What Connects to What¶
Limits (ch203–204)
↓
Derivatives (ch205–207) ──→ Automatic Differentiation (ch208)
↓ ↓
Gradients (ch209–211) Chain Rule (ch215)
↓ ↓
Gradient Descent (ch212–214) Backpropagation (ch216)
↓ ↓
Second Derivatives / Curvature (ch217–218)
↓
Taylor Series (ch219–220)
↓
Integration (ch221–224) ──→ Monte Carlo (ch224)
↓
Differential Equations (ch225–226)
↓
Gradient-Based Learning (ch227)
↓
Projects (ch228–230): Visualizer, Linear Regression, Logistic RegressionA Note on Rigor¶
Classical calculus courses spend weeks on epsilon-delta proofs of limits. We will not. Not because rigor is unimportant — but because the programmer’s path to calculus runs through numerical computation, not formal analysis.

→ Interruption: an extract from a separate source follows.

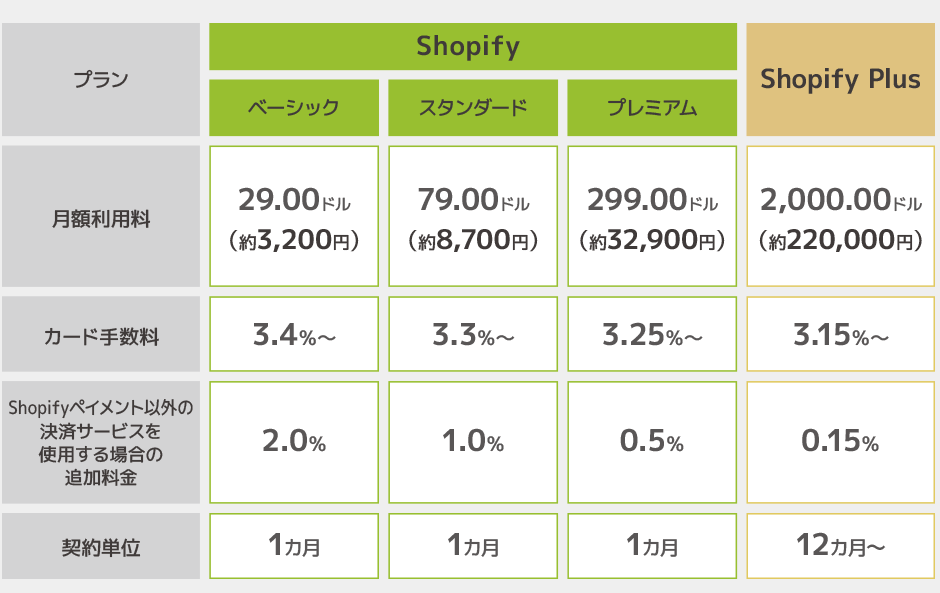 上記費用はShopifyを利用する場合Shopify社に支払う必要があるシステム利用料及び決済に係る手数料の一覧です。サイト制作費用については、機能やデザイン、ページ数などの要件次第で変わる為、まずはお問い合わせくださいませ。
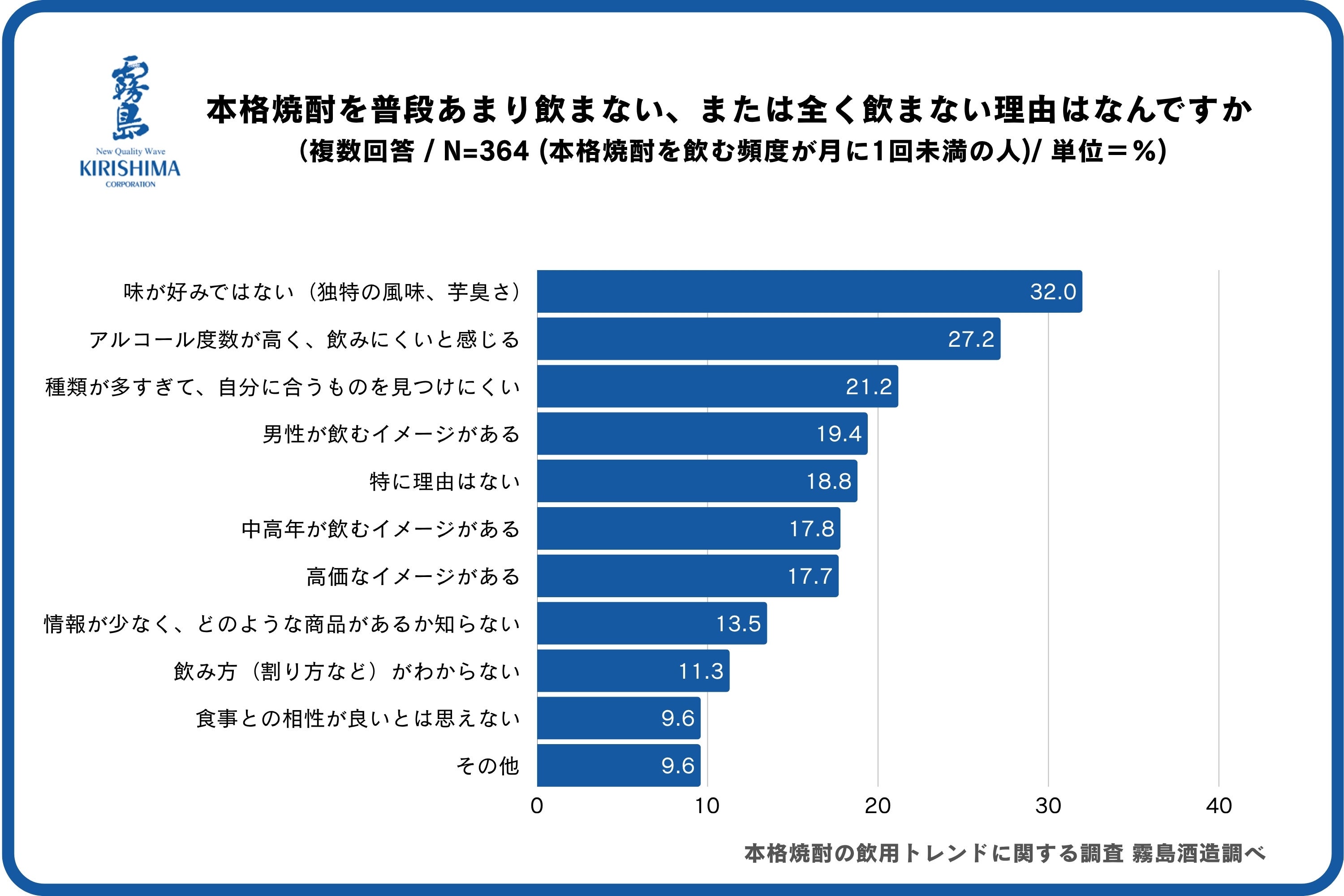 本格焼酎を飲む頻度が月に1回未満の方に本格焼酎を飲まない理由を質問したところ、1位「味が好みではない(独特の風味、芋臭さ)」(32.0%) 、2位「アルコール度数が高く、飲みにくいと感じる」(27.2%)、3位「種類が多すぎて、自分に合うものを見つけにくい」(21.2%)という結果になりました。

You will compute derivatives numerically before you use closed-form rules. You will approximate integrals before you apply the fundamental theorem. This order is deliberate: seeing why the formulas work is more valuable than memorizing them.
When you reach the projects, you will have both the intuition and the tools to implement gradient descent from scratch, with no libraries.